60 Awesome Amazing Facts About Bat | Amazing Facts 4U

  1. The scientific name for bats, Chiroptera, is from the Greek cheir = hand + pteron = wing, or “hand wing.”
  2. Bats live on every continent except Antarctica. They are found almost as far north as the Arctic Circle and as far south as Argentina and the southern-most tip of South Africa.
  3. A bat is the only mammal that flies. Bats make up about twenty percent of all mammals.
  4. There are amazing 1100 different bat species. Most bats are brown and black, but a few are colorful shades of orange or red.
  5. In the United States, there are about 45 kinds of bats; the three most common are the big brown bat, little brown bat, and Mexican free-tailed bat.
  6. More than half of all bats in the U.S. are endangered. Both loss of habitat and a mysterious illness called “White-Nose Syndrome” are major reasons for the decline.
  7. There are two main groups of bats: larger fruit-eating megabats and microbats.

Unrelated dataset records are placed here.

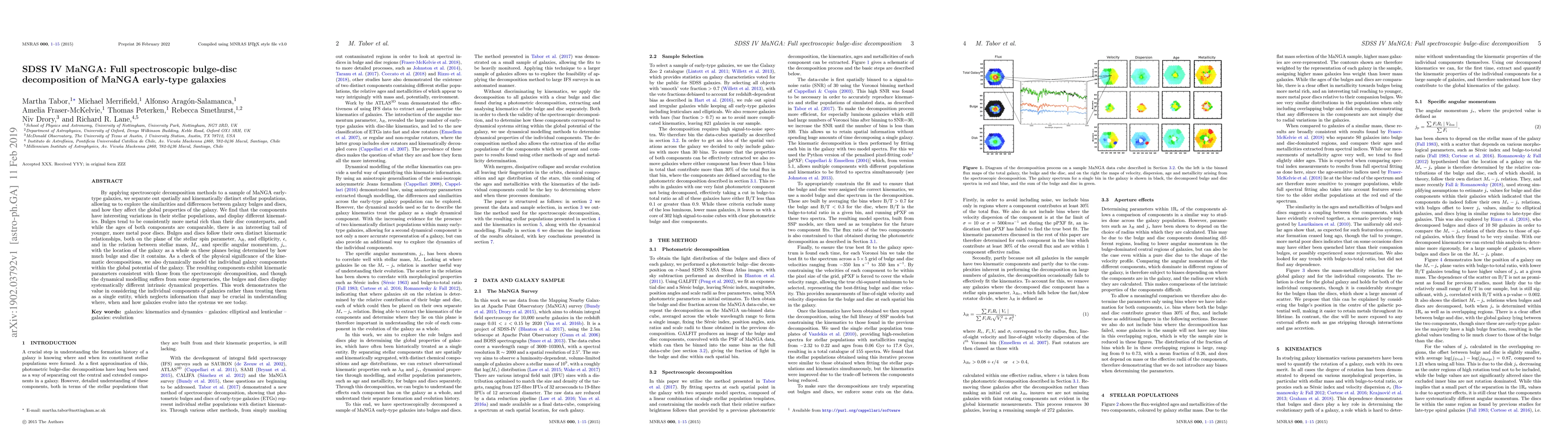 By applying spectroscopic decomposition methods to a sample of MaNGA early-type galaxies, we separate out spatially and kinematically distinct stellar populations, allowing us to explore the similarities and differences between galaxy bulges and discs, and how they affect the global properties of the galaxy. We find that the components have interesting variations in their stellar populations, and display different kinematics. Bulges tend to be consistently more metal rich than their disc counterparts, and while the ages of both components are comparable, there is an interesting tail of younger, more metal poor discs. Bulges and discs follow their own distinct kinematic relationships, both on the plane of the stellar spin parameter, lambda_R, and ellipticity, and in the relation between stellar mass and specific angular momentum, j, with the location of the galaxy as a whole on these planes being determined by how much bulge and disc it contains. As a check of the physical significance of the kinematic decompositions, we also dynamically model the individual galaxy components within the global potential of the galaxy. The resulting components exhibit kinematic parameters consistent with those from the spectroscopic decomposition, and though the dynamical modelling suffers from some degeneracies, the bulges and discs display systematically different intrinsic dynamical properties. This work demonstrates the value in considering the individual components of galaxies rather than treating them as a single entity, which neglects information that may be crucial in understanding where, when and how galaxies evolve into the systems we see today.
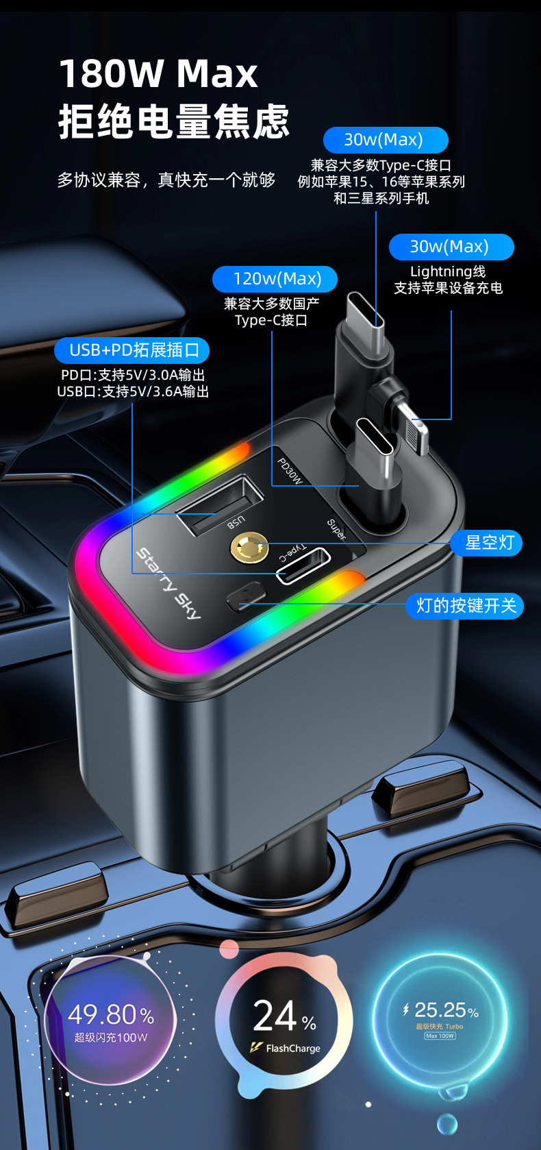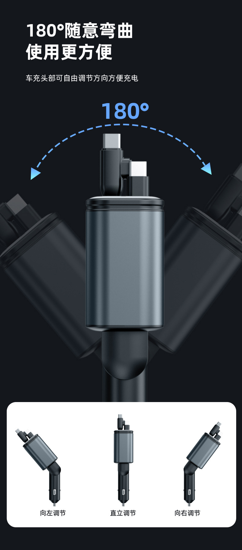 black-gray [tc+tc+apple port] one-to-five★freely retractable
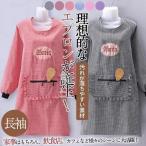 エプロン 割烹着 調理 長袖 うわっぱり 上っ張り 胸当て ロング 保育士 チェック柄 レディース 飲食店 作業用 キッチン 家事 料理 汚れ防止
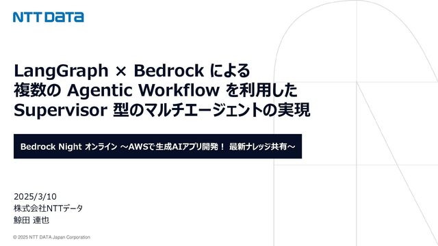複数の Agentic Workflow を利用した Supervisor 型のマルチエージェントの実現 2025/3/10 株式会社NTTデータ 鯨田 連也 Bedrock Night オンライン 〜AWSで生成AIアプリ開発! 最新ナレッジ共有〜
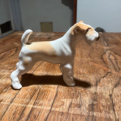 Lomonosov posliini villakoira, valkoinen väri. Tuotteessa on punainen LFZ leima pohjassa.

  8. Megabats are also known as fruit bats or flying foxes and typically live in warm climates. They use their large eyes to find food in the dark and they tend to roost in trees rather than in caves, crevices, or old buildings.
  9. Microbats are generally much smaller and use echolocation to find insects. Microbats are typically found all over the world.
  10. There are several differences between megabats and microbats. The megabat has two claws, one on its thumb and one on its next finger. Microbats only have one claw, on the thumb. Megabats have better developed brains than microbats and they also rely more on their senses (sight and smell) and less on echolocation.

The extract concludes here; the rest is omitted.